(Supplied data)

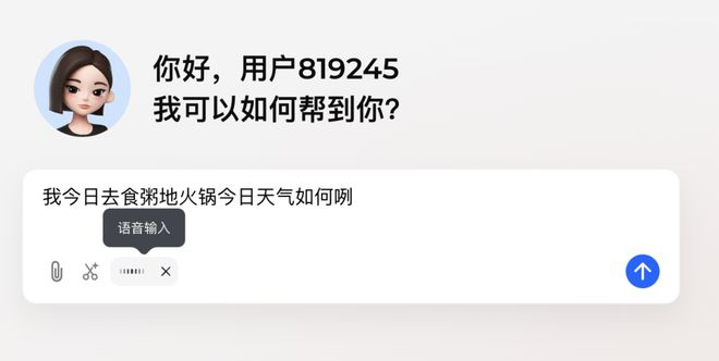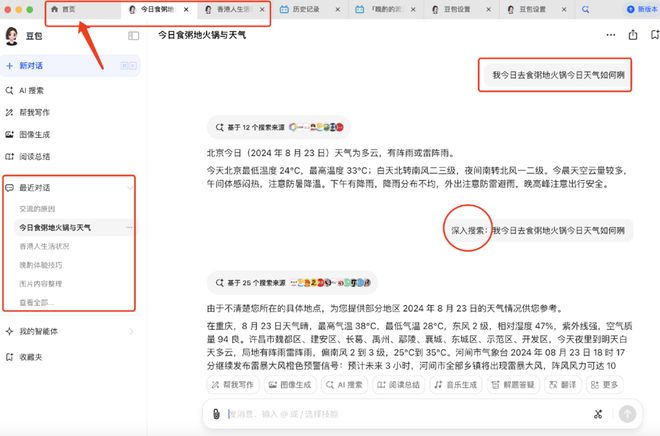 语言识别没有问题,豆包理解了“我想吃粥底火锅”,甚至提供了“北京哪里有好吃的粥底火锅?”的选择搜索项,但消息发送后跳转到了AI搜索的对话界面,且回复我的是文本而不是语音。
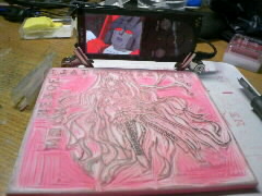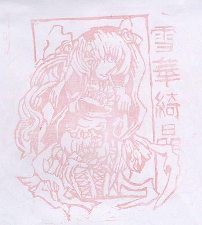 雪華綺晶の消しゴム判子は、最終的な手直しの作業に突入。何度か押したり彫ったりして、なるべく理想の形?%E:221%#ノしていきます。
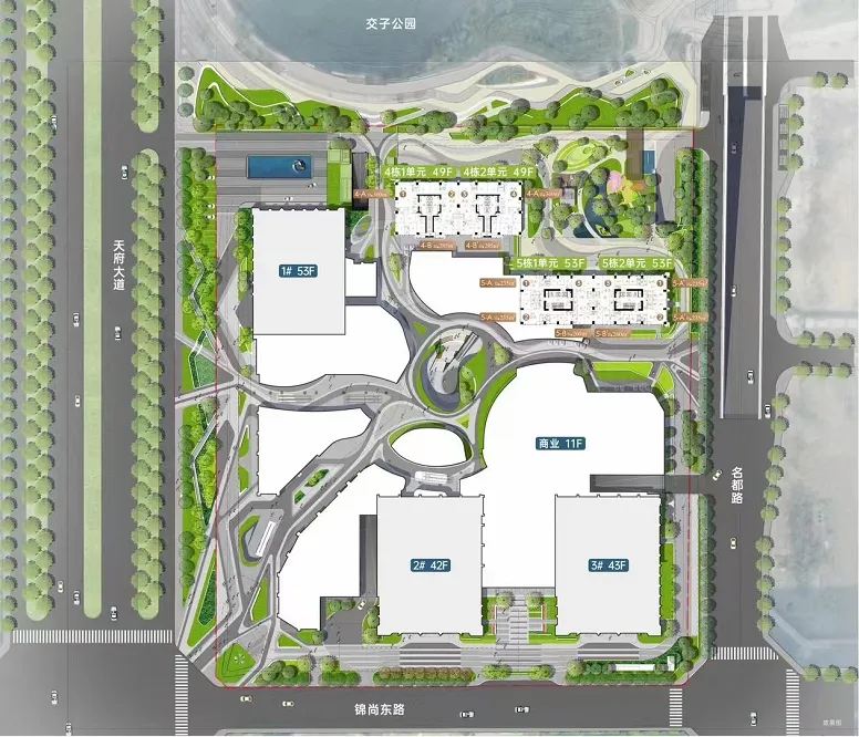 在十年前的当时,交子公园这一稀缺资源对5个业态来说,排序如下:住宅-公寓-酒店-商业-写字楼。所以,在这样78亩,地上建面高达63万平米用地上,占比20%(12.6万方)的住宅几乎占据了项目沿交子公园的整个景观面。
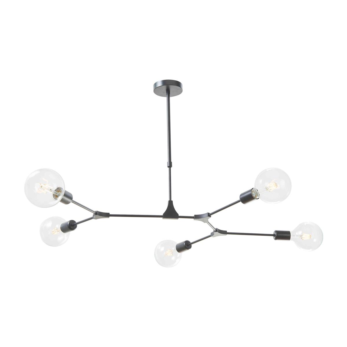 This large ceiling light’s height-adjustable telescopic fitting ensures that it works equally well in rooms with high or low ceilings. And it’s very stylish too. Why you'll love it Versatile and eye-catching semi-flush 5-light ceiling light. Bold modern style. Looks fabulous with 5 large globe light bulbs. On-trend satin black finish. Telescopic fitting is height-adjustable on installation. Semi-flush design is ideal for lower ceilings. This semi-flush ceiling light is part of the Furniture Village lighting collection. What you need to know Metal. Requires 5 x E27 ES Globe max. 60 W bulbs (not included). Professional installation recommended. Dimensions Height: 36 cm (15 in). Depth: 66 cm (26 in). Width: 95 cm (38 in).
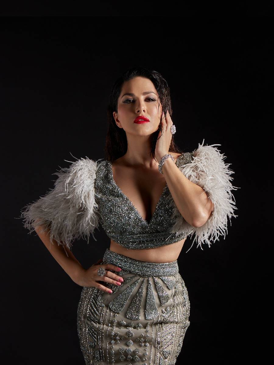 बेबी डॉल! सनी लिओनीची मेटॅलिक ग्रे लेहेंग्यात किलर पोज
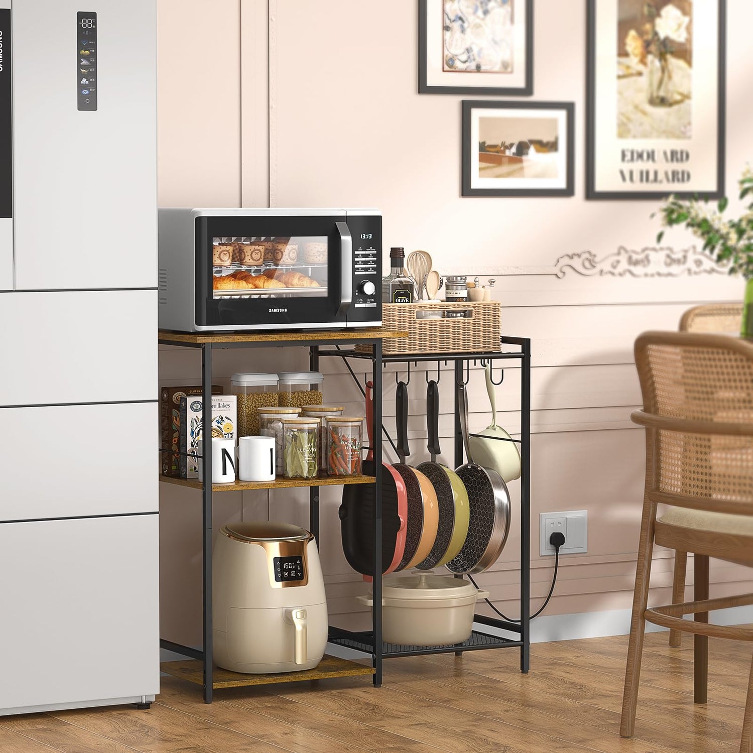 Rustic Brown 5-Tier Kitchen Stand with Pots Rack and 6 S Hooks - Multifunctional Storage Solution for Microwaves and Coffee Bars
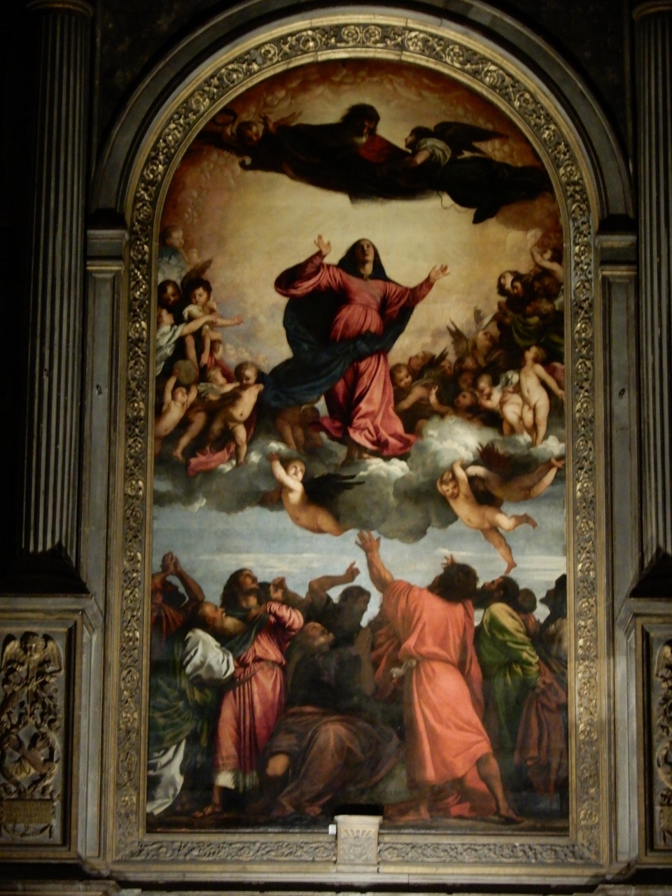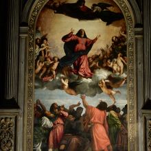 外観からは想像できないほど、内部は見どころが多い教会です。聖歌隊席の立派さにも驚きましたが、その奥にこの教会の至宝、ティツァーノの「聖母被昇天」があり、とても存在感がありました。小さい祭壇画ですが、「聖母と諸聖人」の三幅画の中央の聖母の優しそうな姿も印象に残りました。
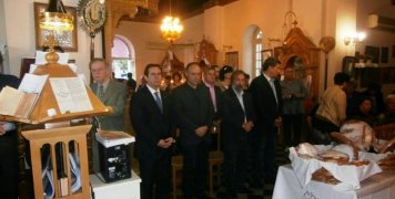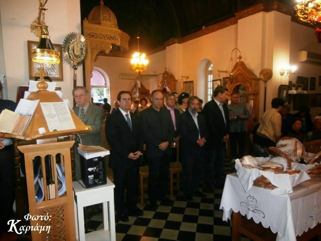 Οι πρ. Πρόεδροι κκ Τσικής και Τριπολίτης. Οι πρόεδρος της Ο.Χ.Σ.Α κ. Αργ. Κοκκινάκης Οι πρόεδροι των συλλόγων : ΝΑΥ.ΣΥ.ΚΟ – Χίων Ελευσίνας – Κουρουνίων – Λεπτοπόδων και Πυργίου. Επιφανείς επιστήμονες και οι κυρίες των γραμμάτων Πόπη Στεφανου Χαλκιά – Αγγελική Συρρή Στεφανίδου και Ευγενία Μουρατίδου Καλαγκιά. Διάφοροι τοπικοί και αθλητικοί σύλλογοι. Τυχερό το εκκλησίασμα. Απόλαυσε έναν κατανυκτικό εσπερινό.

(End Supplied data)
(Supplied data)

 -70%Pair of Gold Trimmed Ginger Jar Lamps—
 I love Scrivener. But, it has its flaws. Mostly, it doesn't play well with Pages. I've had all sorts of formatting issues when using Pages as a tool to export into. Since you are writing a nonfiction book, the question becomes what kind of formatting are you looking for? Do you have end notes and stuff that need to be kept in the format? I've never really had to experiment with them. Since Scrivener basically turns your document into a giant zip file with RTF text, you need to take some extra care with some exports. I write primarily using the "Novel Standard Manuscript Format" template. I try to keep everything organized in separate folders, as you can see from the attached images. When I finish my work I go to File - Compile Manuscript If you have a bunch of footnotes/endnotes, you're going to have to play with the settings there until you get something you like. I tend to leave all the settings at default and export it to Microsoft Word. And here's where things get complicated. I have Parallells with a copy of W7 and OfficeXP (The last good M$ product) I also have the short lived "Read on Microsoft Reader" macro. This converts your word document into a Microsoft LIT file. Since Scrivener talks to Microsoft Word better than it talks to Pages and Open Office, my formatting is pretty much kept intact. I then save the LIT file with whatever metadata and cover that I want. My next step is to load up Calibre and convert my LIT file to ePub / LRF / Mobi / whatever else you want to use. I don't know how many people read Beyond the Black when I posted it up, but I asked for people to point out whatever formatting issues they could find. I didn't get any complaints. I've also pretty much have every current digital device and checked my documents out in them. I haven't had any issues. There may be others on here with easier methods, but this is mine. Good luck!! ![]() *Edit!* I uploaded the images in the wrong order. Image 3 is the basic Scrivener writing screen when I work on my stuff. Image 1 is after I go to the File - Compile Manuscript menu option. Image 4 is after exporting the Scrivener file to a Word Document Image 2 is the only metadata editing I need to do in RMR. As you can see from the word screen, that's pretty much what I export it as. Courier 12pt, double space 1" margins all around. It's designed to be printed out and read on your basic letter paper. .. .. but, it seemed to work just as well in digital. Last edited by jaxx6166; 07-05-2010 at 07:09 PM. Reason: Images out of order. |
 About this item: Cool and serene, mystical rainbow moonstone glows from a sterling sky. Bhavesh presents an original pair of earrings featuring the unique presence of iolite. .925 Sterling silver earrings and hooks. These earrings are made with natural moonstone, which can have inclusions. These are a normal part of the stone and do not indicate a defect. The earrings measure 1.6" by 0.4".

(End Supplied data)

Exercise:
In the entries above, find the line with "बेबी डॉल! सनी" and the line with "Οι πρ. Πρόεδροι". Return exactly those lines and all the ones between them, pictures excluded.

Answer for the task:
 बेबी डॉल! सनी लिओनीची मेटॅलिक ग्रे लेहेंग्यात किलर पोज
 Rustic Brown 5-Tier Kitchen Stand with Pots Rack and 6 S Hooks - Multifunctional Storage Solution for Microwaves and Coffee Bars
 外観からは想像できないほど、内部は見どころが多い教会です。聖歌隊席の立派さにも驚きましたが、その奥にこの教会の至宝、ティツァーノの「聖母被昇天」があり、とても存在感がありました。小さい祭壇画ですが、「聖母と諸聖人」の三幅画の中央の聖母の優しそうな姿も印象に残りました。
 Οι πρ. Πρόεδροι κκ Τσικής και Τριπολίτης. Οι πρόεδρος της Ο.Χ.Σ.Α κ. Αργ. Κοκκινάκης Οι πρόεδροι των συλλόγων : ΝΑΥ.ΣΥ.ΚΟ – Χίων Ελευσίνας – Κουρουνίων – Λεπτοπόδων και Πυργίου. Επιφανείς επιστήμονες και οι κυρίες των γραμμάτων Πόπη Στεφανου Χαλκιά – Αγγελική Συρρή Στεφανίδου και Ευγενία Μουρατίδου Καλαγκιά. Διάφοροι τοπικοί και αθλητικοί σύλλογοι. Τυχερό το εκκλησίασμα. Απόλαυσε έναν κατανυκτικό εσπερινό.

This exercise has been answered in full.